Elise Houndjo is a welcoming face of a slowly reviving downtown Minneapolis as she happily directs travelers to skyway destinations and listens empathetically to distressed souls.

"I love people," said Houndjo, recently named Ambassador of the Year by the Downtown Improvement District. "That's my thing."

Downtown ambassadors guide, garden and clean. They also alert private security, police or social services to threatening situations.

Houndjo, recently promoted to lead a six-member team that focuses specifically on the skyway system, has worked eight years as an ambassador.

"With homeless people, we listen and call our 'livability team' to escort them," she said. "Sometimes people just need to hear somebody cares. I always believe God is watching."

Houndjo, 55, is a West African immigrant who followed her engineer husband to Minnesota for economic opportunity. One of her sons is in college and the other also is an engineer.

"I recently encountered a man who was so down. He had lost his job and family. He was talking about giving up on life," she said. "We talked. I saw him again a couple of weeks ago and he thanked me. He's doing better. He's back with his family."

Ambassadors, who earn $18 an hour plus benefits after six months' probation, walk miles daily on icy streets and skyways to serve downtown employees and guests. The 60 ambassador positions are funded by the Downtown Improvement District, which collects an assessment on top of property taxes.

LaVelle Warfield, general manager of the Improvement District, said Houndjo is "one of our most loyal and dependable staff members and consistently praised by people she helps in our downtown community."

Ambassadors, police, civilian crime prevention teams and other citizens have welcomed the growing ranks of workers returning as well as fans of downtown's arts, sports and dining scenes.

They also, since last year, have helped drive down crime from aberrational 2020-21 levels.

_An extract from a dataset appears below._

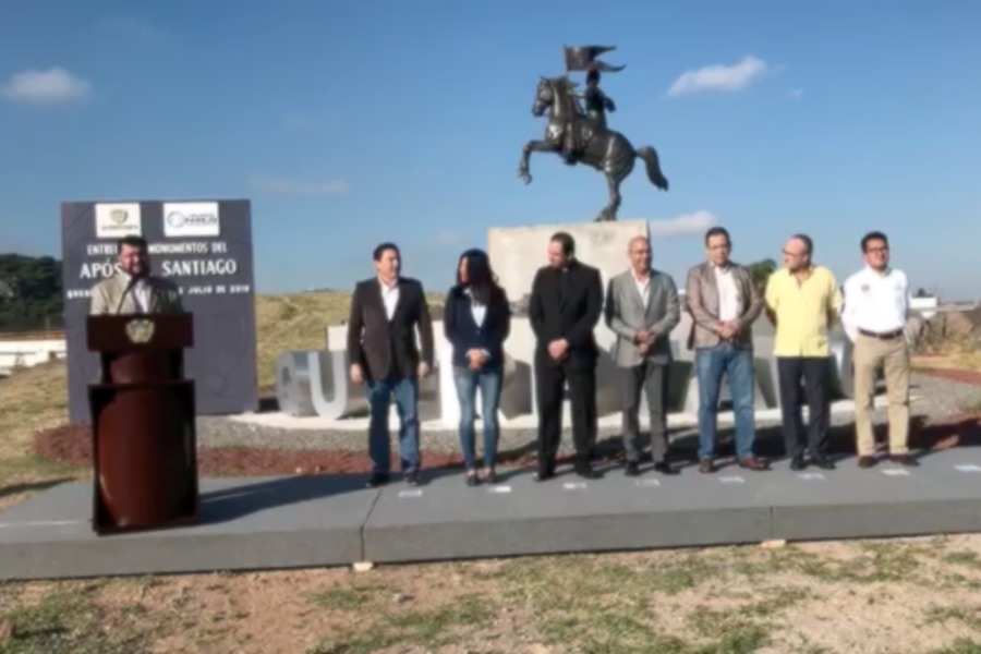 “La imagen de Apóstol Santiago es un símbolo para Querétaro y un punto de partida para seguir aumentando la calidad de vida de nuestra ciudad, porque solo un pueblo que sabe de dónde viene, tiene la capacidad para saber a dónde va”, expresó Marcos Aguilar, durante la entrega de esta escultura realizada por el artista mexicano Miguel Michel.

That's a good thing as downtown slowly fills up again.

Nearly 65% of downtown employees have returned to work at least part time, a 56% increase from a year ago, attendees learned at this month's annual meeting of the Minneapolis Downtown Council. A year ago, fewer than half had returned.

Downtown's residential population has risen by 10% to 56,748 since 2020. And there was $1.9 billion in new construction last year in Minneapolis, the 11th year of more than $1 billon worth of building permits approved. About half of last year's construction was downtown.

Downtown hotels, restaurants and small retailers are recovering from the COVID economic downturn. However, most of the retail growth is in the booming North Loop district. The Nicollet Mall has declined since the 1980s as a shopping district.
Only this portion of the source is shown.